Rushdie freedom fighters

October 23, 1998

Brian Groombridge went to Oslo to hear what cultural workers think about Net copyright and intellectual rights

Salman Rushdie may still be at risk, but at least he is no longer on the hit list of a foreign state. His name was, inevitably, often invoked at the Council of Europe symposium on promoting freedom of expression held in Oslo last month.

The Rushdie case stood for one of the meeting's main debating points. Norwegian author and academic Helge Ronning summarised the problem: "It may become difficult in an increasingly globalised culture to uphold a principled view of freedom of expression. What is regarded as a right to critique in one context, may be seen as a total affront to sacred values in another."

The other, equally problematic, issue was copyright in the era of new technology. Writers, artists and academics everywhere are well aware of how the Internet is transforming intellectual property, undermining the authenticity of authorship, making the protection of copyright increasingly difficult. In the topical words of Charles C. Mann "Who will own your next good idea?" (September's Atlantic Monthly).

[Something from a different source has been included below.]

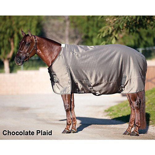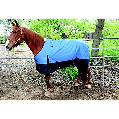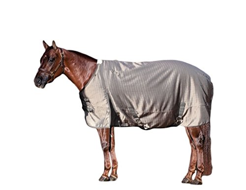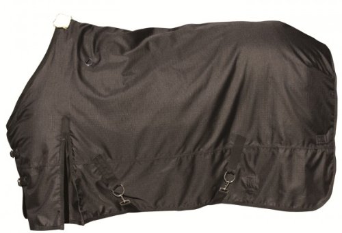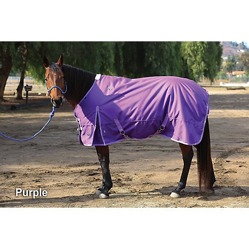 Studio : Professional's Choice Publisher : Professional's Choice Binding : Misc. Product Description Professionals Choice 1200D Turnout Blanket This turnout blanket is ideal for seriously wet and cold weather, it is waterproof and breathable. Made with a 1200 Denier rip-stop outer shell, a nylon lining and 300g Hollofil(R) insulation, it is sure to keep your horse warm and dry! Features: Reinforced, taped seams Protective tail flap keeps the wind and cold out Fully adjustable double-buckle front closure Removable elastic leg straps Fleece at the withers to prevent mane rub out Available in 2" increments Specifications: Measuring Instructions - Stand your horse as square as possible, measure from the center of chest around side of the body to the point of the horse's rump just before the tail. If you horse ends up measuring between sizes always round up to the next size to ensure full coverage. Washing Instructions - Machine wash with cold water - Gentle cycle with mild detergent. Air Dry or Machine Dry/No Heat Horses Turned Outside without Shelter - Turnout Sheet and Blanket materials are waterproof and designed to keep your horse dry, however if your horse is turned out in a field without a run in shed or shelter during prolonged rain or heavy downpours your horse may still get wet especially in the neck and tail areas. When using a blanket or sheet it is critical to monitor the fluctuating climate and temperatures even with a blanket that is waterproof and breathable. The wicking properties of a breathable blanket are designed to wick away normal body heat, when a blanket is too heavy the heat and moisture cannot be wicked away fast enough causing your horse to sweat. The temperature and the length of your horse's coat will determine what weight of blanket you should use. For this reason, most people who choose to blanket horses have several articles of horse clothing that offer varying levels of warmth. When selecting a blanket ensure to take into account your horse's behavior, environment or other horses that may be turned out with your horse. The lower the den 0
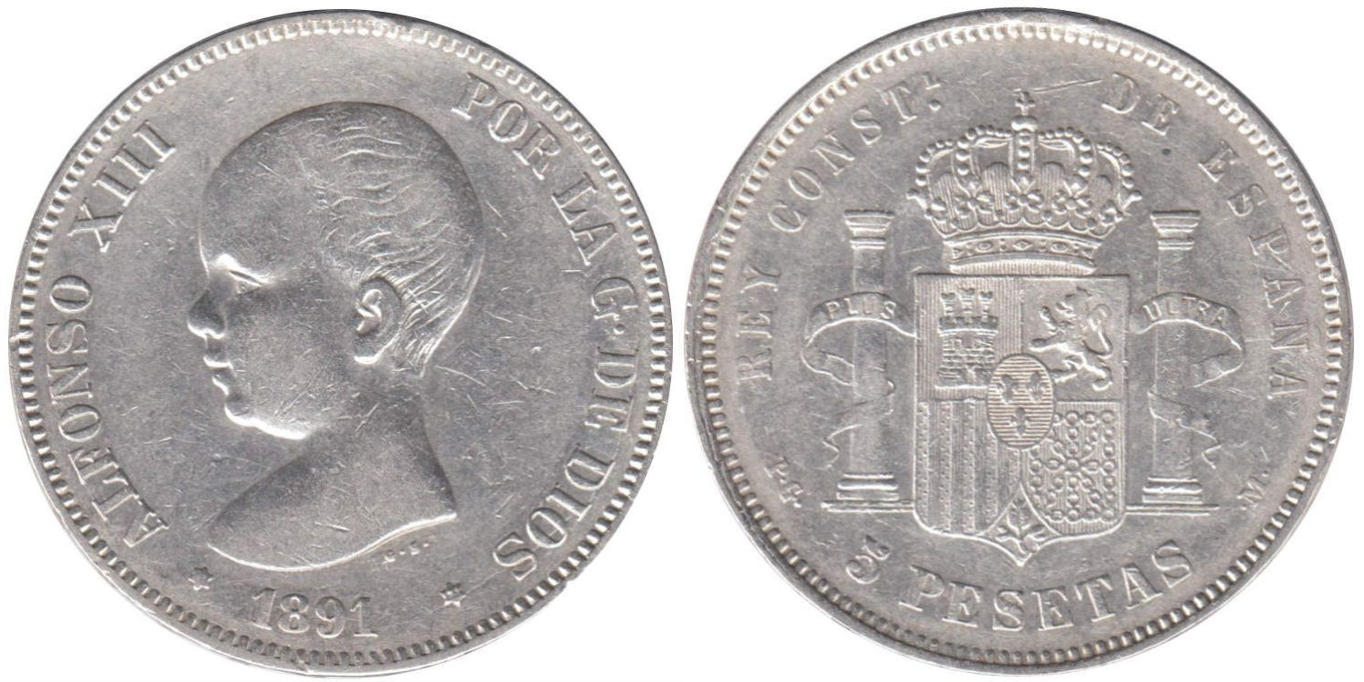 5 Pesetas 1891 (18-91) PGM - Madrid - plata, MBC

This was a cue for Kirill Razlogov, director of the Moscow Institute of Cultural Research and a familiar figure at such gatherings, to enliven a sluggish debate.

On day one Professor Razlogov noted that writers who struggled for the freedom to say what they liked often ended up with nothing of significance to say. The meeting was reluctant to agree that there is nothing like a touch of repression for generating creativity. On day two, since copying gets ever easier, he recommended that copyright should be abandoned. He reckoned that people who believed in freedom of expression and information should welcome that.

His Oslo critics could have classified him, as Thomas Mann might, as "a naive intellectual (belonging to) a small but surprisingly influential cadre of libertarian futurists, anti-copyrightists". Instead, they half-suspected him of finding a modern rationale for the Soviet tradition of piracy.

Rights lawyers (like next-door neighbours) are familiar with having to deal with conflicts between rights, and this area is thick with them. Promoting freedom of expression could not be unconditional, and the limits were examined closely in Oslo.

The symposium's rapporteur, Arne Ruth, who recently resigned as editor of Sweden's leading broadsheet, Dagens Nyheter, asked: "Why should a serious artist have greater freedom in making provocative statements than a Neo-Nazi rock group?" Paul Sturges, of Loughborough University's department of information and library studies, was one of the panellists and has done much ground-clearing work for the Council of Europe.

He contrasted the samizdat use of the Internet by Serbian university students and others enjoying global support against President Milosovic with the virulent anti-semitism, homophobic abuse and other forms of hate speech on the net. (He opposes censorship, preferring "ratings metadata".) Ana L. Valdes, the Uruguayan refugee writer brought up by German nuns and now living in Sweden, on the other hand vehemently asserted blasphemy as a human right.

For the participants, culture ministers and senior officials from Albania, Armenia, Azerbaijan, Belorus, Bulgaria, Croatia, Estonia, Latvia, Lithuania, Poland, Romania and Serbia, these were not matters to be treated lightly.

There was a moment when west European exchanges about less painful aspects of the theme struck a Nigerian writer, living in Norway, as an "indulgence".

But then there was laughter when Ion Caramitru, well-known actor and theatre director, now Romania's minister of culture, compared acting in Hamlet before and since 1989. Under President Ceaucescu, actors and audiences combined to enjoy the play for its subversion. Gradually, after the communist regime's collapse, the more universal text took over:

"Instead of playing Hamlet, I found increasingly that Hamlet was playing I me!".

Cultural diversity and the role of the public authorities in encouraging or suppressing this was a third theme, drawing powerful statements from Ole Henrik Magga, the internationally prominent sami spokesman, and a plea from a Slovak speaker to protect the lives as well as the culture of Romany people.

This topic prompted a tribute from Gavin Jantjes, who was born in Cape Town, found freedom as an artist in the United Kingdom, where he served on the Arts Council, and now works in Norway. He saluted Britain for its remarkable success in creating a new multicultural society.

Anne Enger Lahnstein, head of Norway's culture ministry, which arranged the conference with the European Council of Cultural Affairs, said that "a society can be judged not only by the quality of its written constitution, but by the voices heard in the public spaces - the voices of its people, its artists and its cultural workers".

She wished us, as ministers will on such occasions, "a fruitful conference". This one was as useful as ever for networking and involving people in making international comparisons of often urgent and difficult matters, but it added up to a good deal less than the sum of its parts.

Given his coherence throughout, I anticipate that Arne Ruth's report, when it is published, will give added value to the event. It could help inspire the further development of cultural rights, still under-developed in constitutional and legal principle, and help extend in practice the enjoyment of those "public spaces".

Brian Groombridge is professor emeritus of adult education, University of London, and chair, The Scarman Trust. He attended on behalf of Rights and Humanity, UK.